You can also try creating a new `spiketutorial` conda environment using conda as indicated [here](https://github.com/SpikeInterface/spiketutorials/blob/master/NWB_Developer_Breakout_Session_Sep2020/SpikeInterface_Tutorial.ipynb)

In addition, you need to install [Phy](https://github.com/cortex-lab/phy) for the manual curation step.

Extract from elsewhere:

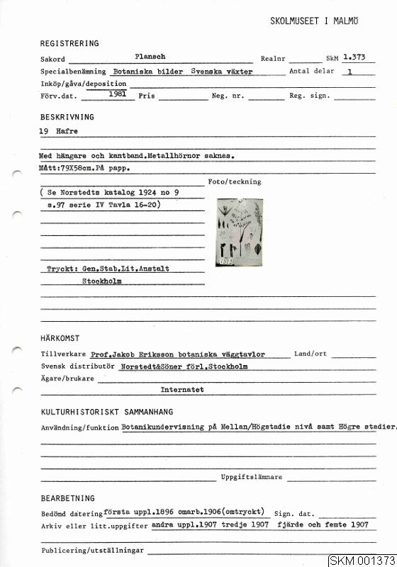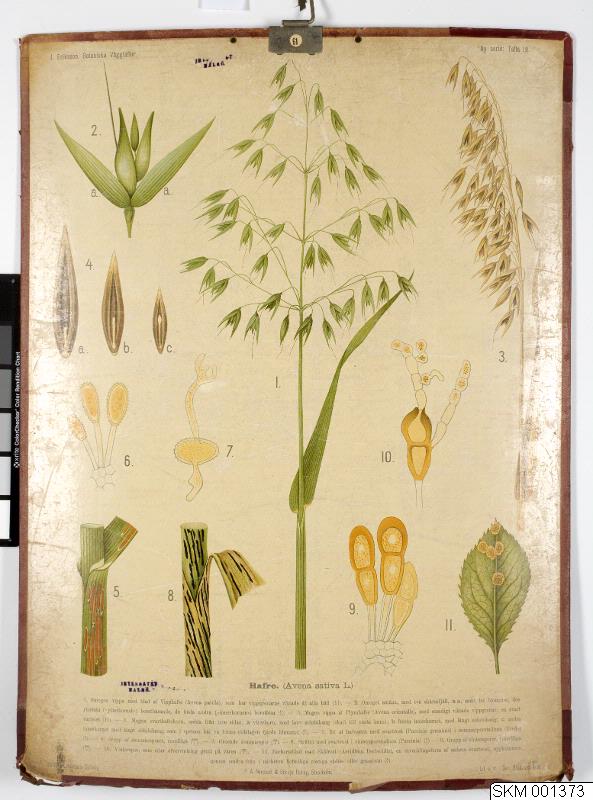 Ser. J. Eriksson. Botan Väggtaflor (Ny serie tafla 19): Hafre. Med hängare och kantband. Metallhörnor saknas. På papp.

`pip install phy --pre --upgrade`

In [None]:
# Install packages mentioned above

!pip install spikeinterface
!pip install ml_ms4alg
!pip install phy --pre --upgrade

In [1]:
# Importing the modules

import spikeinterface
import spikeinterface.extractors as se 
import spikeinterface.toolkit as st
import spikeinterface.sorters as ss
import spikeinterface.comparison as sc
import spikeinterface.widgets as sw
import matplotlib.pylab as plt
import numpy as np
%matplotlib notebook

### Loading Recording Information

- imports spikeextractors pacakge designed to load and save recorded and sorted data and handle probe information

In [2]:
se.recording_extractor_full_list

[spikeextractors.extractors.mdaextractors.mdaextractors.MdaRecordingExtractor,
 spikeextractors.extractors.mearecextractors.mearecextractors.MEArecRecordingExtractor,
 spikeextractors.extractors.biocamrecordingextractor.biocamrecordingextractor.BiocamRecordingExtractor,
 spikeextractors.extractors.exdirextractors.exdirextractors.ExdirRecordingExtractor,
 spikeextractors.extractors.openephysextractors.openephysextractors.OpenEphysRecordingExtractor,
 spikeextractors.extractors.intanrecordingextractor.intanrecordingextractor.IntanRecordingExtractor,
 spikeextractors.extractors.bindatrecordingextractor.bindatrecordingextractor.BinDatRecordingExtractor,
 spikeextractors.extractors.klustaextractors.klustaextractors.KlustaRecordingExtractor,
 spikeextractors.extractors.kilosortextractors.kilosortextractors.KiloSortRecordingExtractor,
 spikeextractors.extractors.spykingcircusextractors.spykingcircusextractors.SpykingCircusRecordingExtractor,
 spikeextractors.extractors.spikeglxrecordingextrac

In [None]:
# Load a recording object using the right format recordingextractor specifying file path
# So far used se.NumpyRecordingExtractor specifying timeseries, geometry and sampling frequency

recording = se.MdaRecordingExtractor(folder_path='folder_path')
# recording = se.NumpyRecordingExtractor(timeseries=ts, geom=geom, sampling_frequency=sampling_frequency)

If mat file, open with either h5py.File('folder_path', 'r') or scipy.io.loadmat('folder_path') to get timesries and channel number data as shown in example below which loads 'acc_1_04072016_kurosawacoppola_pre.mat' recording file

In [None]:
f = h5py.File('../eisi_raw_mat_files/acc_1_04072016_kurosawacoppola_pre.mat', 'r') 
# if above doesn't work due to version of saved mat file, try f = scipy.io('../eisi_raw_mat_files/acc_1_04072016_kurosawacoppola_pre.mat')  
num_channels = f['mat'].shape[0]
ts = np.array(f['mat'])
f.close()

sampling_frequency = 40000  # in Hz
geom = np.zeros((num_channels, 2)) # Geom files using 0 value coordinates for channel, input relative coordinates if known
geom[:, 0] = range(num_channels)
recording = se.NumpyRecordingExtractor(timeseries=ts, geom=geom, sampling_frequency=sampling_frequency)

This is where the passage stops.